D’autres communes du bassin de Thau sont également touchées par ce phénomène. Nous avons pu recenser, avec facilité, plusieurs logements sociaux proposés à la location pour la saison estivale qui approche à grands pas, notamment à Frontignan, Marseillan et Balaruc-les-Bains. Une simple prise de contact avec les numéros de téléphone figurant sur des annonces suspectes a suffi à confirmer la mise en sous-location de ces logements sociaux.
Pendant que des centaines de familles attendent désespérément un logement social, d’autres détournent le système en toute impunité. Comment expliquer qu’après vingt-cinq ans de gouvernance municipale à Sète, la situation soit à ce point hors de contrôle ? Ce phénomène ne se limite pas à la pression touristique ou à la crise du logement. Il est le résultat direct d’une politique affairiste désastreuse qui a complètement détruit l’âme de Sète, mais aussi du bassin de Thau lorsque l’on s’intéresse de plus près à ce qui se joue dans certaines communes.
Les premières victimes ne sont pas seulement les demandeurs de logements sociaux, mais aussi les propriétaires qui déclarent légalement leurs locations saisonnières et paient leurs taxes au prix fort. Contrairement aux fraudeurs, eux subissent une régulation stricte sans bénéficier de la moindre protection de la municipalité.

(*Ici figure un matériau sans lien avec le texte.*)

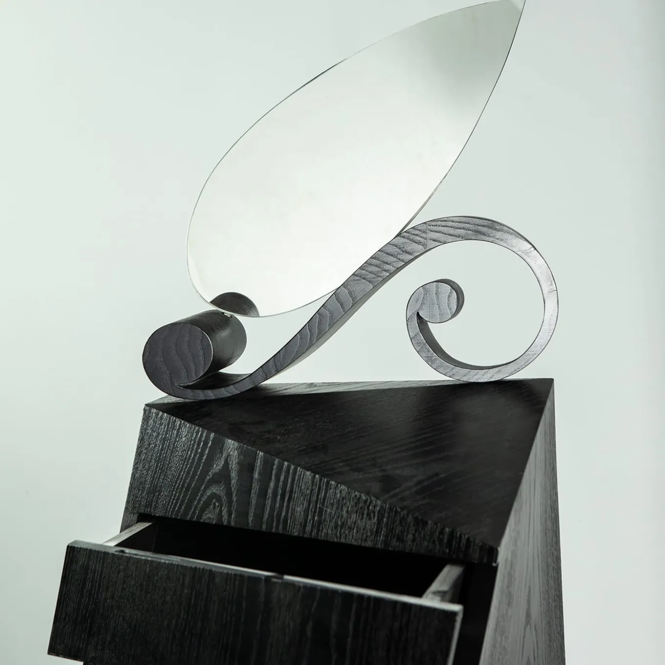 Lussuosa cassettiera nera in edizione limitata dalla forma piramidale irregolare. I cassetti inferiori sono più grandi e si assottigliano gradualmente verso l’alto. Realizzato in rovere laccato nero opaco a poro aperto, questo pezzo unico unisce eleganza e maestria, offrendo una rara aggiunta a qualsiasi collezione di alto livello. Firmato, datato e numerato da 1 a 19, oltre a una prova d’artista.

Espérons que les autorités locales prendront enfin la mesure de ce phénomène grandissant et mettront de l’ordre dans ce véritable Far West immobilier. Entre calculs électoraux et absence de contrôle efficace, la ville de Sète laisse cette pratique s’enraciner, au détriment des familles en attente d’un logement et des propriétaires, eux, contraints de se plier à une réglementation stricte.